_Entries shown:_
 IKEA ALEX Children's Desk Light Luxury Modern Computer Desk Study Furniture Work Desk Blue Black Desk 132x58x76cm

* * *

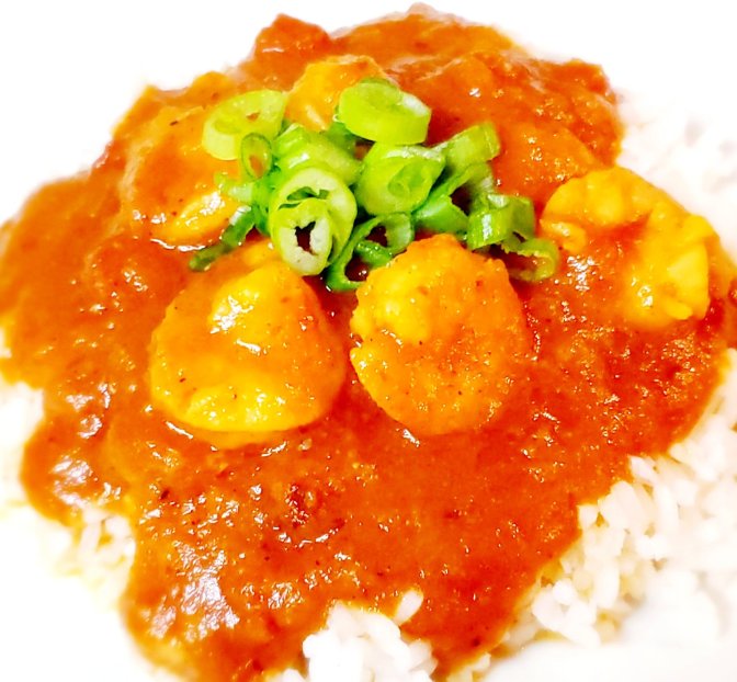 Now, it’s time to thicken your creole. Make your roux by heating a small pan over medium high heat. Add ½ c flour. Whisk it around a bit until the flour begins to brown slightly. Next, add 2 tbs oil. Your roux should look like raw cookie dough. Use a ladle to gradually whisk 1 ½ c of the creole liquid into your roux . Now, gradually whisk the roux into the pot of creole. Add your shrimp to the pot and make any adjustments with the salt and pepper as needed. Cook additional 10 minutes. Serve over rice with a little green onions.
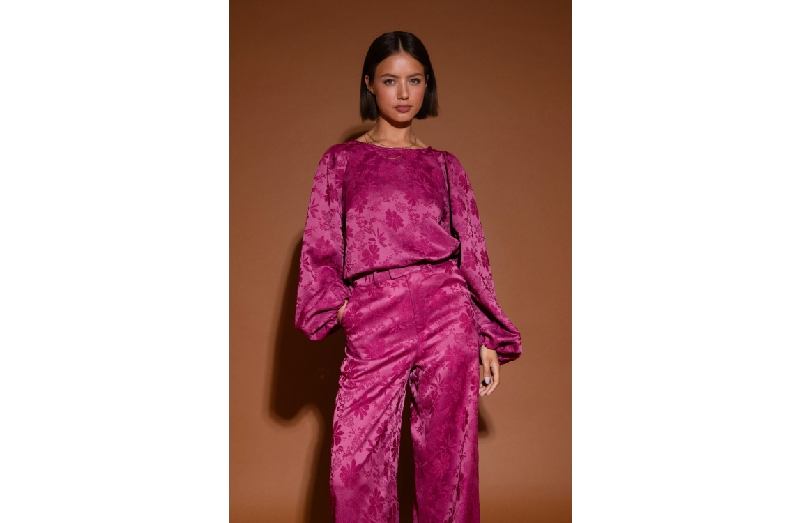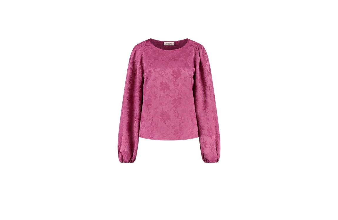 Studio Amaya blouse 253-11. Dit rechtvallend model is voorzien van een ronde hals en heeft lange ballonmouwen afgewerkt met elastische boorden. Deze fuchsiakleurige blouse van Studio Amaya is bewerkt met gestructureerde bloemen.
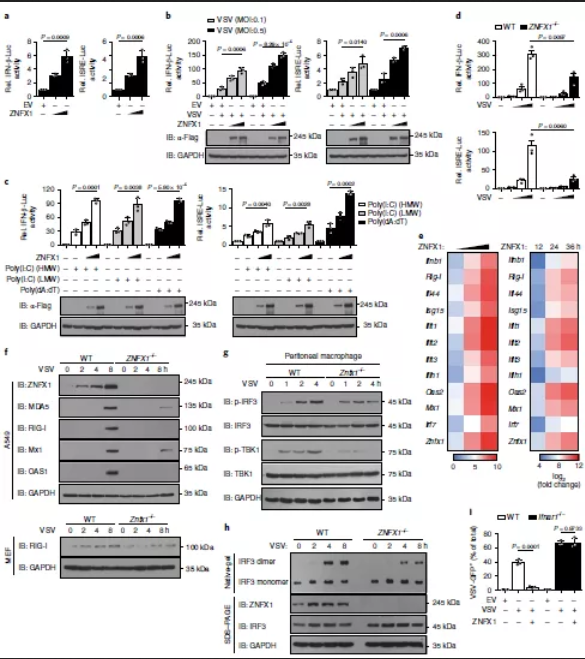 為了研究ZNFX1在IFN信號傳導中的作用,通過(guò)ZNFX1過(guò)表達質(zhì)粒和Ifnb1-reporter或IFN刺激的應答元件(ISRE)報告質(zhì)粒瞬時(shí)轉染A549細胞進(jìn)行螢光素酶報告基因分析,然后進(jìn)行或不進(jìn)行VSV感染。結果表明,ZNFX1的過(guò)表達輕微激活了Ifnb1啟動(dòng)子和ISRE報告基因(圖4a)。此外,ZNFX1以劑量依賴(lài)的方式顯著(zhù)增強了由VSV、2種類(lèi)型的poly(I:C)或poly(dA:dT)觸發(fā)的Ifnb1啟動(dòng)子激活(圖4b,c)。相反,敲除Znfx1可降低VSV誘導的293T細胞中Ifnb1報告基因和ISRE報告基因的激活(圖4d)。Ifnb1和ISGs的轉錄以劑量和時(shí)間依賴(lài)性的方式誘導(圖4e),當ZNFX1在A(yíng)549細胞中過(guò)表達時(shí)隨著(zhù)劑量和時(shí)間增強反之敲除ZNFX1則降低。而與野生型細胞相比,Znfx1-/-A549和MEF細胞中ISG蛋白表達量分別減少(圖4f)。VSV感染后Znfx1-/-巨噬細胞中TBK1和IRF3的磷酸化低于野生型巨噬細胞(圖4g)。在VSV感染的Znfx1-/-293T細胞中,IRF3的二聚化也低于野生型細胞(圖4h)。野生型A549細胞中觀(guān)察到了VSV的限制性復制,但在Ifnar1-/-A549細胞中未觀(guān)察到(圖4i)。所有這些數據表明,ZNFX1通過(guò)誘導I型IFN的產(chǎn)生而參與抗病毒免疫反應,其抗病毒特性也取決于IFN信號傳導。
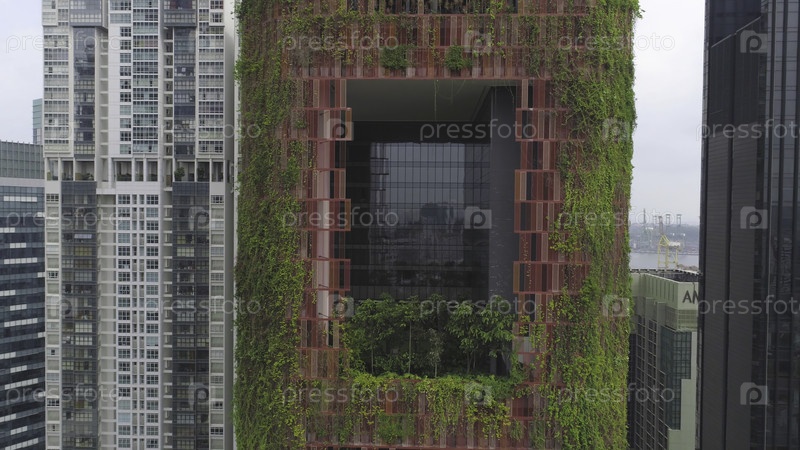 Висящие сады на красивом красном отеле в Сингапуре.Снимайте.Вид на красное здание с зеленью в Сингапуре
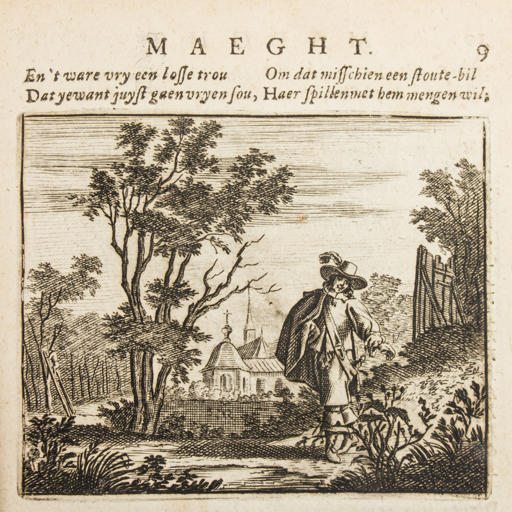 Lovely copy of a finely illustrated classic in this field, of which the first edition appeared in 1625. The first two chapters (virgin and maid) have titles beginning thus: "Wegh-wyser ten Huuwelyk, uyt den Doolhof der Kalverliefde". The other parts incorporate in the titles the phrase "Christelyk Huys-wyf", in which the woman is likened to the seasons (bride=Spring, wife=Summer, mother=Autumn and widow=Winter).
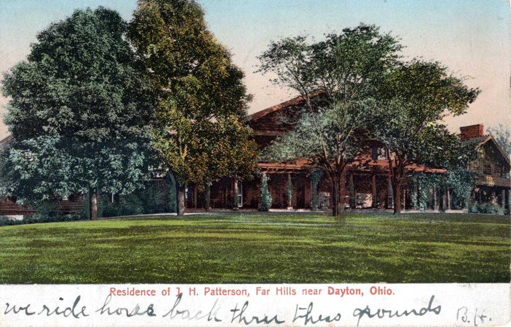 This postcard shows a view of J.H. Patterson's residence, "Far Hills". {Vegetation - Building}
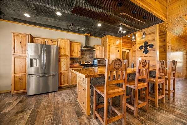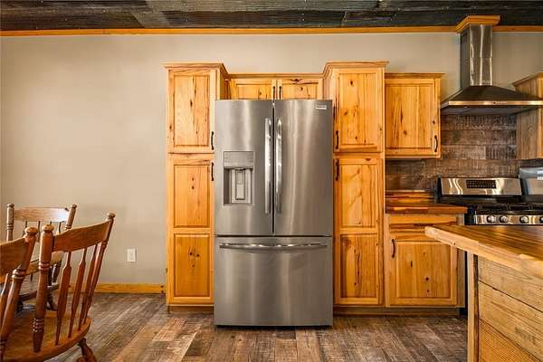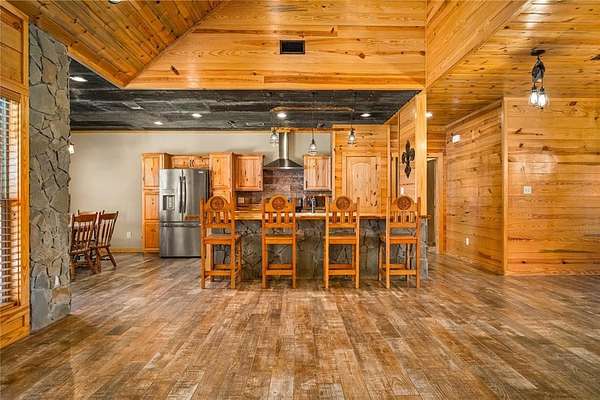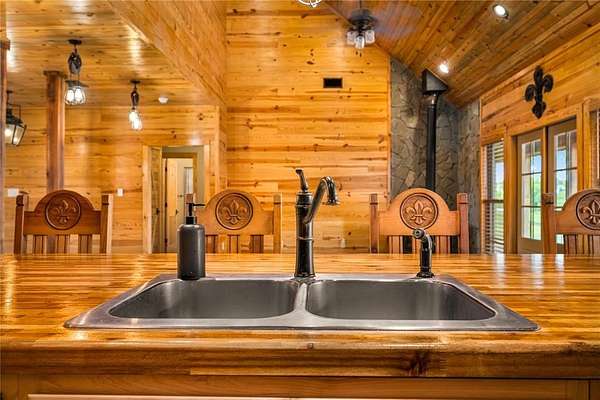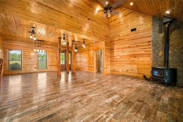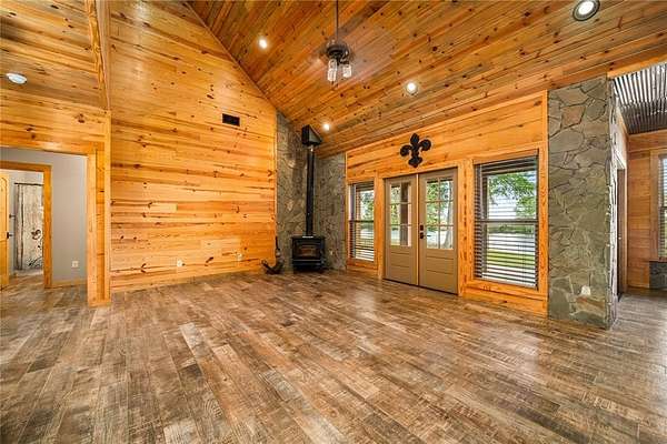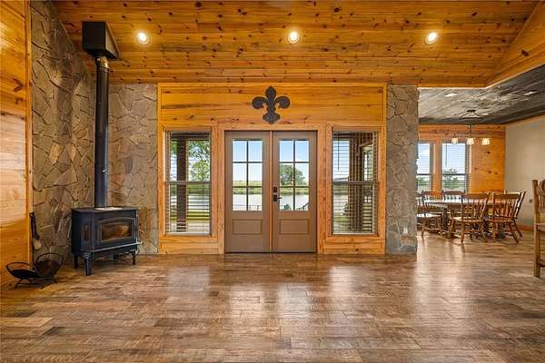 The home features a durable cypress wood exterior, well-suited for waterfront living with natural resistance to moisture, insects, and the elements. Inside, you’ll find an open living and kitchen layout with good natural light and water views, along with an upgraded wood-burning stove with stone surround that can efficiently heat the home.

* * *

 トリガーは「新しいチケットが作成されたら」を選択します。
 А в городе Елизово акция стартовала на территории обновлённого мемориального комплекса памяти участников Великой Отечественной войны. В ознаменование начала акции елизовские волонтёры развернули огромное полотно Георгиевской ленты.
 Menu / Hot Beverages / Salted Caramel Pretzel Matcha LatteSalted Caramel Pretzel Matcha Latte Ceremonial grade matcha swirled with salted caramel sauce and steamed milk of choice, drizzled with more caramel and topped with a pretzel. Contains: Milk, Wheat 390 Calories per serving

_Your assignment:_
Starting from the line with "Lovely copy of" in the records above, repeat each line exactly until you have written the line with "The home features", then stop; drop the pictures.

_Written answer:_
 Lovely copy of a finely illustrated classic in this field, of which the first edition appeared in 1625. The first two chapters (virgin and maid) have titles beginning thus: "Wegh-wyser ten Huuwelyk, uyt den Doolhof der Kalverliefde". The other parts incorporate in the titles the phrase "Christelyk Huys-wyf", in which the woman is likened to the seasons (bride=Spring, wife=Summer, mother=Autumn and widow=Winter).
 This postcard shows a view of J.H. Patterson's residence, "Far Hills". {Vegetation - Building}
 The home features a durable cypress wood exterior, well-suited for waterfront living with natural resistance to moisture, insects, and the elements. Inside, you’ll find an open living and kitchen layout with good natural light and water views, along with an upgraded wood-burning stove with stone surround that can efficiently heat the home.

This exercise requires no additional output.